Justamente levando em conta o que acabo de propor, não cabe a mim, enquanto acadêmico profissional das áreas de filosofia e física, opinar sobre a obra de Kardec. Pessoalmente, e aproveitando meus conhecimentos acadêmicos, estudo essa obra com muito interesse desde que aprendi a ler. Destacaria aqui a importância que teve para mim o contato com a Revista Espírita, especialmente quando seus originais franceses se tornaram acessíveis. O exame crítico dos bastidores da obra de Kardec e suas múltiplas atividades práticas e de pesquisa no desenvolvimento da teoria espírita foi, para mim, um verdadeiro divisor de águas. Pude perceber, entre outras coisas, como o exemplo dele, como pesquisador e como pessoa humana, está longe de ser seguido de forma geral e consistente no movimento espírita.

Como vê o futuro do espiritismo no Brasil e no mundo?

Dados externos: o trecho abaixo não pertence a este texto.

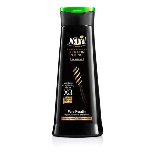 NATURAL Formula „Keratin Intense“ šampūnas – profesionali priežiūra keratinu tiesintiems ar chemiškai apdorotiems plaukams. Sudėtyje esantis grynas keratinas giliai maitina, stiprina plaukus ir padeda išlaikyti tiesinimo rezultatą net 3 kartus ilgiau. Šampūnas be natrio chlorido (druskos), todėl švelniai plauna nepažeisdamas keratino sluoksnio, suteikia žvilgesio ir glotnumo. Puikiai tinka dažnai šiluma formuojamiems plaukams, apsaugant nuo pažeidimų ir sausumo.

Vejo-o sob perspectivas contrastantes. Por um lado, há entraves enraizados na mentalidade de porção majoritária de espíritas e suas instituições, em decorrência da limitada assimilação efetiva do legado de Kardec. Mais grave ainda é o fato de que há pouca consciência disso e, em consequência, poucos esforços de superação, em que pese a boa vontade da generalidade dos espíritas, mesmo quando a solução está tão ao nosso alcance. Por outro lado, há iniciativas animadoras, tanto as de análise acadêmica de temas espíritas na fronteira com as disciplinas acadêmicas, como as mencionadas anteriormente, como de estudo e valorização do referido legado, considerado não apenas em sua superfície mais conhecida, mas principalmente como estratégia excelente de exploração racional e experimental da realidade espiritual do ser humano. Faz bastante tempo publiquei um artigo intitulado “O paradigma espírita” (Reformador, junho de 1994), em que aproveitei uma das mais importantes análises contemporâneas da ciência, do filósofo Thomas Kuhn, para sugerir que a obra de Kardec poderia e deveria funcionar para os espíritas como um “paradigma”, ou seja, um exemplo de empreendimento de pesquisa a ser seguido. À época  não me era inteiramente claro, porém, que a adoção desse paradigma é algo ainda a ser efetivamente feito, numa escala mais geral e de forma mais profunda. Nesse referencial de análise, o futuro do espiritismo – que está em nossas mãos – dependerá essencialmente de como a percepção desse ponto puder ser ampliada, a partir dos poucos bons exemplos que, felizmente, começam a surgir no meio espírita.

1-    Informações sobre o Grupo de Estudos Espíritas da Unicamp e publicações de diversos artigos estão disponíveis em www.geeu.net.br.